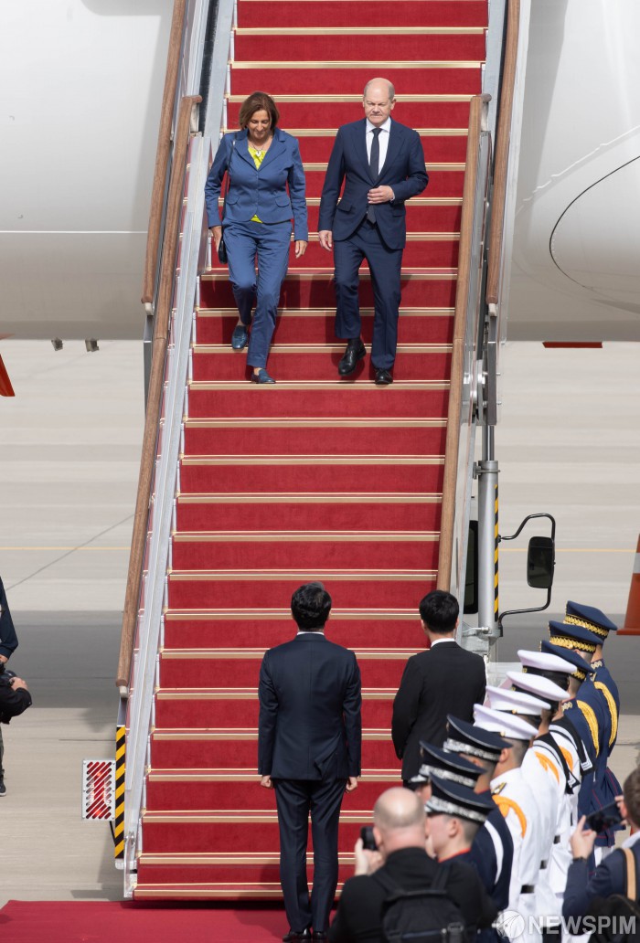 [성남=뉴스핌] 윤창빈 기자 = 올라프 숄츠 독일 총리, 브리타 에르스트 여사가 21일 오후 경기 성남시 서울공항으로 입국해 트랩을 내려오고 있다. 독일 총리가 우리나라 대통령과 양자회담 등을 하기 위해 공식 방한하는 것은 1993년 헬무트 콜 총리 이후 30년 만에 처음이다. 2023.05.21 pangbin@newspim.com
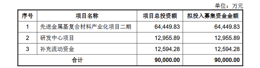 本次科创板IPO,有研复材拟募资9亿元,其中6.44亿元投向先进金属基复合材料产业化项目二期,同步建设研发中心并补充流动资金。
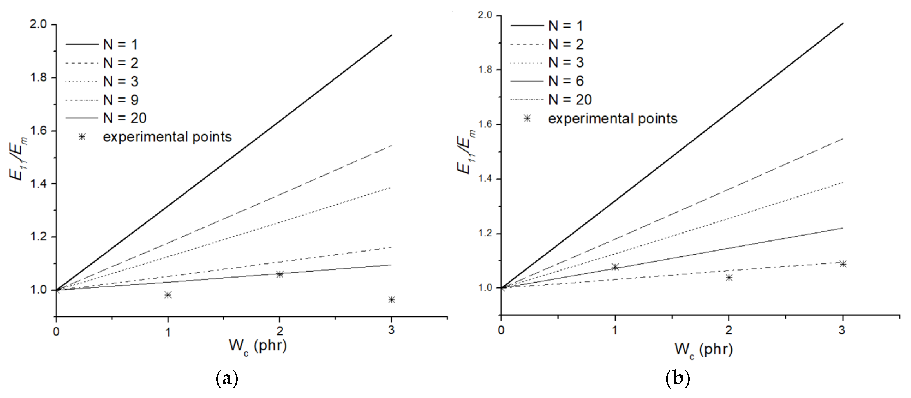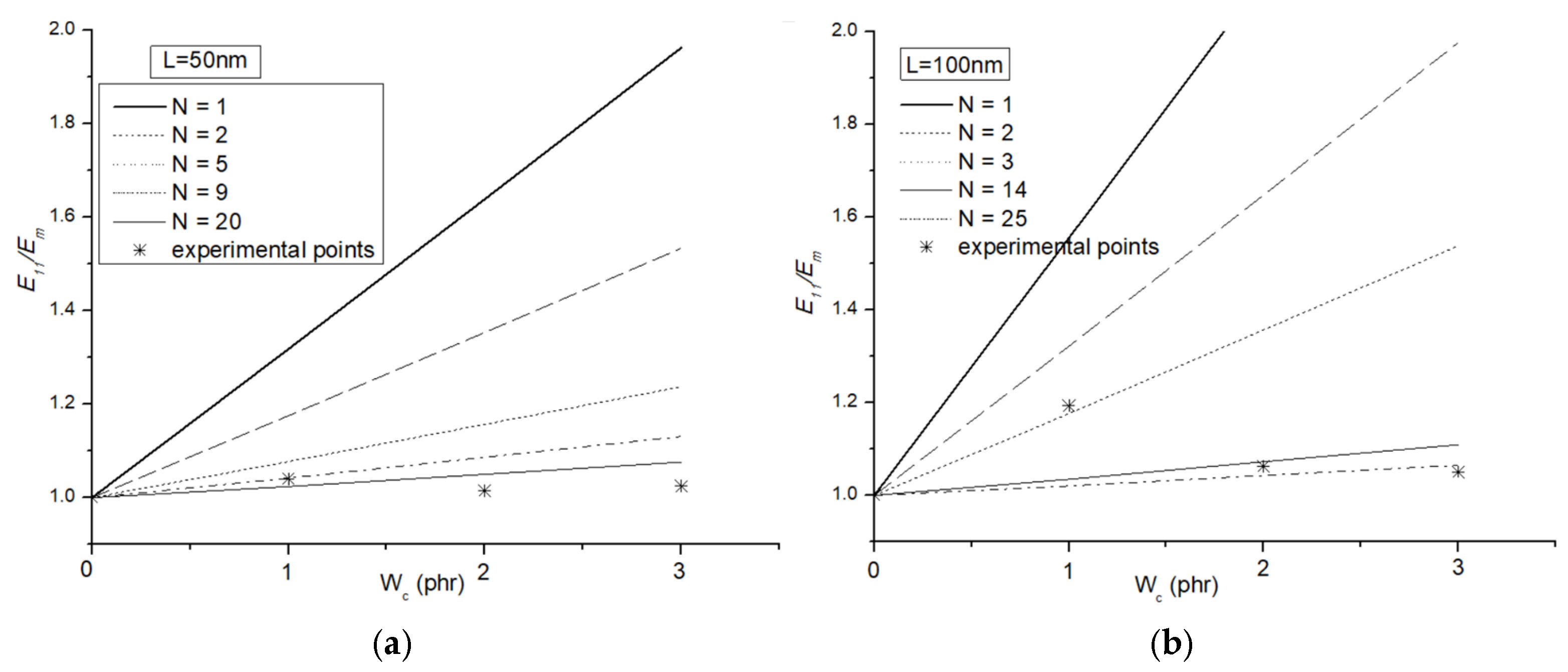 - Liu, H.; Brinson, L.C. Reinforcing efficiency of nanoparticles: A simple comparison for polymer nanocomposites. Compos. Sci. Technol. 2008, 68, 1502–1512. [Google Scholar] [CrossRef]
-.-.-
**WHAT TO WORK ON**
Please, without any of the pictures, set down exactly the lines from the beginning of the listing to the line that contains "本次科创板IPO,有研复材拟", inclusive.

**SOLUTION FOR THIS PROBLEM**
 [성남=뉴스핌] 윤창빈 기자 = 올라프 숄츠 독일 총리, 브리타 에르스트 여사가 21일 오후 경기 성남시 서울공항으로 입국해 트랩을 내려오고 있다. 독일 총리가 우리나라 대통령과 양자회담 등을 하기 위해 공식 방한하는 것은 1993년 헬무트 콜 총리 이후 30년 만에 처음이다. 2023.05.21 pangbin@newspim.com
 本次科创板IPO,有研复材拟募资9亿元,其中6.44亿元投向先进金属基复合材料产业化项目二期,同步建设研发中心并补充流动资金。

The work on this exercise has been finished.